─── Data

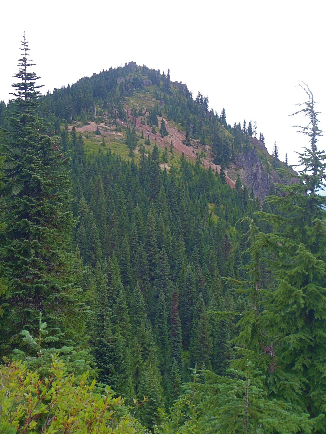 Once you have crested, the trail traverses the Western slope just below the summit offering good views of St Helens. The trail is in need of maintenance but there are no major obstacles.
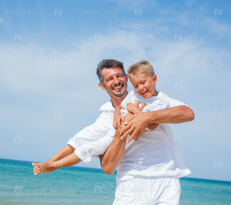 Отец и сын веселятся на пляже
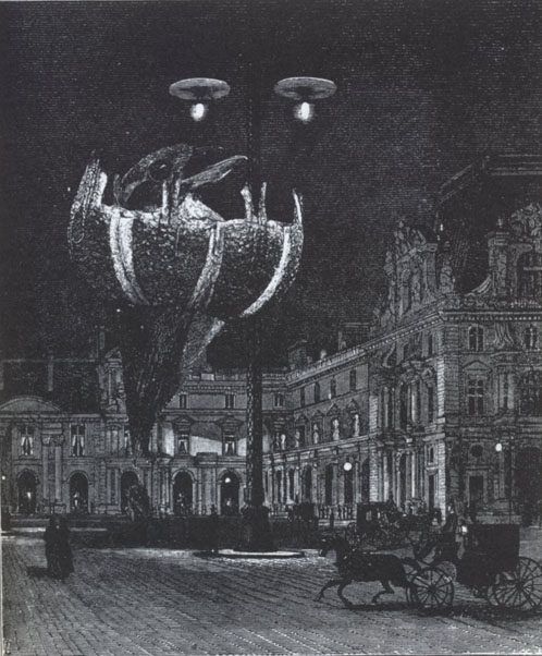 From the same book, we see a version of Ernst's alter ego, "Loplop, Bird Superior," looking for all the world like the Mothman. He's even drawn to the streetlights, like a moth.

──────

> Aim of the exercise
Please retype the whole of the data precisely, omitting pictures.

> Reply to the exercise
 Once you have crested, the trail traverses the Western slope just below the summit offering good views of St Helens. The trail is in need of maintenance but there are no major obstacles.
 Отец и сын веселятся на пляже
 From the same book, we see a version of Ernst's alter ego, "Loplop, Bird Superior," looking for all the world like the Mothman. He's even drawn to the streetlights, like a moth.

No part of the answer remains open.